I’m badly in need of a trustworthy professional to help me navigate cross-border tax and estate planning. But again, I’ll cop out for now and park this concern until we’ve lived in Germany for 2 years, only after which I’ll have clarity over the possible future course of our lives.
Closing Notes
And so goes my continued quest for greener pastures. I can’t quite tell if all these career plays and relocationary moves would be memories I’d look back upon fondly when I’m 85, or if these are a series of dumb moves where I’m pointlessly delaying putting down roots and starting to live out the rest of my life, backed by stability and certainty.

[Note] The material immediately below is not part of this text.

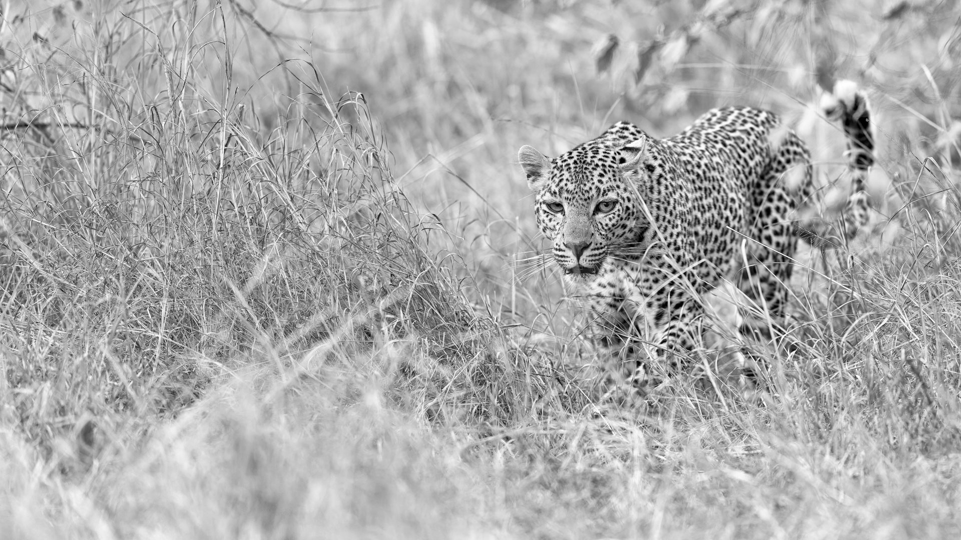 Eine Leopardin ist in der Dämmerung im hohen Gras der Masai Mara unterwegs.

I’ve been in conversations where people that are well settled-in have said - “I’m not going anywhere..” in various contexts. I always feel the sting of jealousy in those moments, wistfully thinking - “Here’s a person that has an established home-base with strong local ties and deeply entrenched roots, and then there’s me, someone who’s never present, never grateful for his current situation, always looking to escape the present and run towards the unknown, forever on a quest for lasting happiness and perfection, which probably doesn’t exist.”
This year, I’ll make one more - probably my last - attempt to get to the stage where I can smile with conviction and finally say - “This is home. I’m not going anywhere..”
Here’s to hoping that I get there.







Congrats on the offer and all the best for your second major move. I feel like I am in a similar stage as you, perhaps a couple of years behind. Moved to Hyderabad in late 2025 after 10 years in the US, currently working in Big Tech through an internal transfer from the US. Had low expectations for India, but it's definitely a struggle to find that balance to keep going. Similar net worth and US-heavy portfolio as you. I'm currently exploring estate tax planning options as well, eg Irish domicile ETFs and so on.
Enjoy the new experience with your family!
Good luck with the move. I appreciate your writing. It has definitely played a part in our discussions.